Grey colour indicates: Vaccine serotypes (PCV13=1, 3, 4, 5, 6A, 6B, 7F, 9V, 14, 19A, 19F, 18C, 23F).

*Susceptibility to penicillin was tested with the oxacillin disk.

AZM
Azythromycin
CHL
Chloramphenicol
CLI
Clindamycin
ERY
Erythromycin
PEN
Oxacillin
SXT
Sulphametoxazole/trimetrophim
TET
Tetracycline
VAN
Vancomycin

We found that the majority of the strains were susceptible to vancomycin (30/31; 97 %), chloramphenicol (29/31; 94 %), clindamycin (29/31; 94 %), erythromycin (22/31; 71 %), and azithromycin (22/31; 71 %). Meanwhile, the strains were less susceptible to tetracycline (14/31; 45 %), penicillin (11/31; 35 %), and sulfamethoxazole/trimethoprim (10/31; 32 %) (Table 2). Sixteen of the 31 isolates (52 %) expressed less susceptibility to three or more antimicrobial agents of different classes.

Discussion

We identified that the S. pneumoniae carriage rate was 40.6 % among children under 5 years-old diagnosed with ARTI symptoms. The prevalence of S. pneumoniae carriage rate in Manado was less than previously reported in children in Lombok (48 %) [15], in HIV-infected children in Jakarta (46 %) [16], and children in Semarang, Central Java (43 %) [17]. However, the carriage rate of S. pneumoniae among adult patients in Manado (18.5 %) was higher than previously reported for adults 45–75 years of age in Semarang (11 %), adults in Jakarta (3 %) and HIV-infected adults in Jakarta (10 %) [5,17,19]. Furthermore, we observed that serotypes included in the PCV13 were the commonest serotypes found in this study (42 %) before PCV13 vaccine introduction in Indonesia, which was also in agreement with a previous study [5].

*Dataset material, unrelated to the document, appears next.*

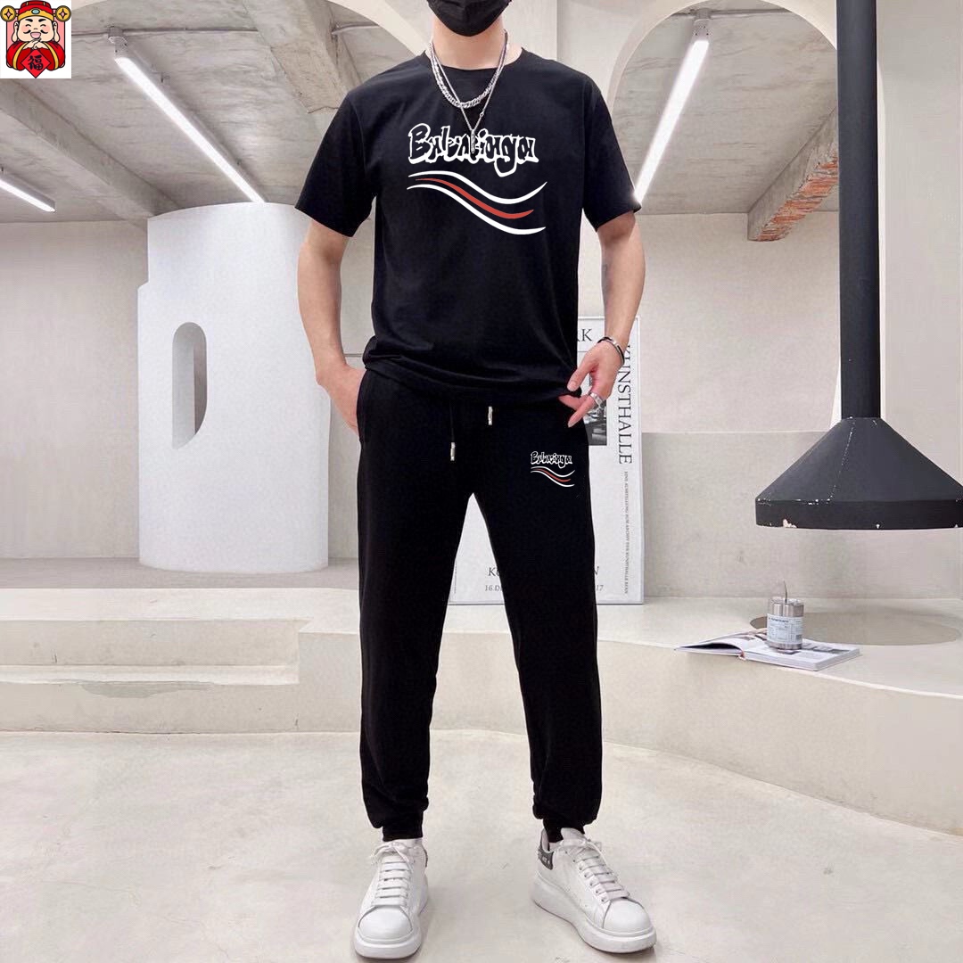 BALENCIAGA men's summer dual-gloss luxury set. Imported fabric, trendy, versatile. Sizes M-5XL (up to 220kg).

Among 42 % of vaccine serotypes found in this study, we identified serotype three as one of prevalent serotypes which was previously reported as a common serotype found among adult patients with community-acquired pneumonia in Jakarta, Indonesia [20]. Vaccine serotypes including serotype 3, 7F, 19A, 1, and 14 were reported as the most frequent serotypes found in adult patients with invasive pneumococcal disease in Portugal before PCV13 [21]. Serotype 14 of S. pneumoniae was the most prevalent aetiology of pneumococcal community-acquired pneumonia in children [22]. We detected that 42 % of serotypes in this study were covered by the PCV13. Serotype analysis of pneumococcal nasopharyngeal carriage isolates in Indonesia revealed that 38–60 % of isolates are covered by the PCV13 [5].

There was an increasing number of non-susceptible S. pneumoniae strains to sulfamethoxazole/trimethoprim from 38 % in 2010 [15] to 68 % indicated in this study. Sulfamethoxazole/trimethoprim is the second most common antimicrobial prescribed for children and is included in the antibacterials that have to be reconsidered by physicians for use in public healthcare facilities in Indonesia [23]. Penicillin and sulfonamides are the most common classes of antibiotics consumed by infants from birth to 18 months of age (38.81 and 24.48 %, respectively) [24], while penicillin and tetracyclines accounted for 80 % of the prescribed antibiotics in public healthcare facilities [23].

In addition, a variety of factors associated with pneumococcal carriage were analysed in this study for their carriage rates among patients. Factors such as younger age, greater family size, and exposure to cigarette smoke have been reported positively associated with pneumococcal carriage while factors such as antibiotics usage have otherwise been negatively associated [25].

Carriage prevalence of S. pneumoniae varies among age groups. Children under the age of five had a greater pneumococcal nasopharyngeal carriage rate compared to other age groups classified in this study. In this study, the carriage rate for children under the age of five was 37 %, followed by 24 % for children in the age range of 12–17 and 18 % for adults 18 years old and above. Children are repeatedly reported as having higher carriage rates compared to adults, and the highest rates reported are often among children of 2 years of age [4,25]. A carriage study previously conducted in Kotabaru, South Kalimantan, Indonesia had relatively high carriage rates among children under 5 years old, ranging from 42.7–51.4 % [6]. Another survey conducted in Nigeria also reported their highest carriage rates among children ages 0–4, 33.9 % in Kumbotso and 36.5 % in Pakoto [26].

Patients having more family members also had a higher pneumococcal nasopharyngeal carriage rate compared to patients having fewer. In this study, patients having family members of 4–6 had a carriage rate of 32 %. The same carriage rate was also observed in patients having seven family members and above. However, patients having 1–3 family members had a lower carriage rate of 24 %. Increase in pneumococcal colonization in patients having larger family size have previously been observed as well in children who have siblings [27,28].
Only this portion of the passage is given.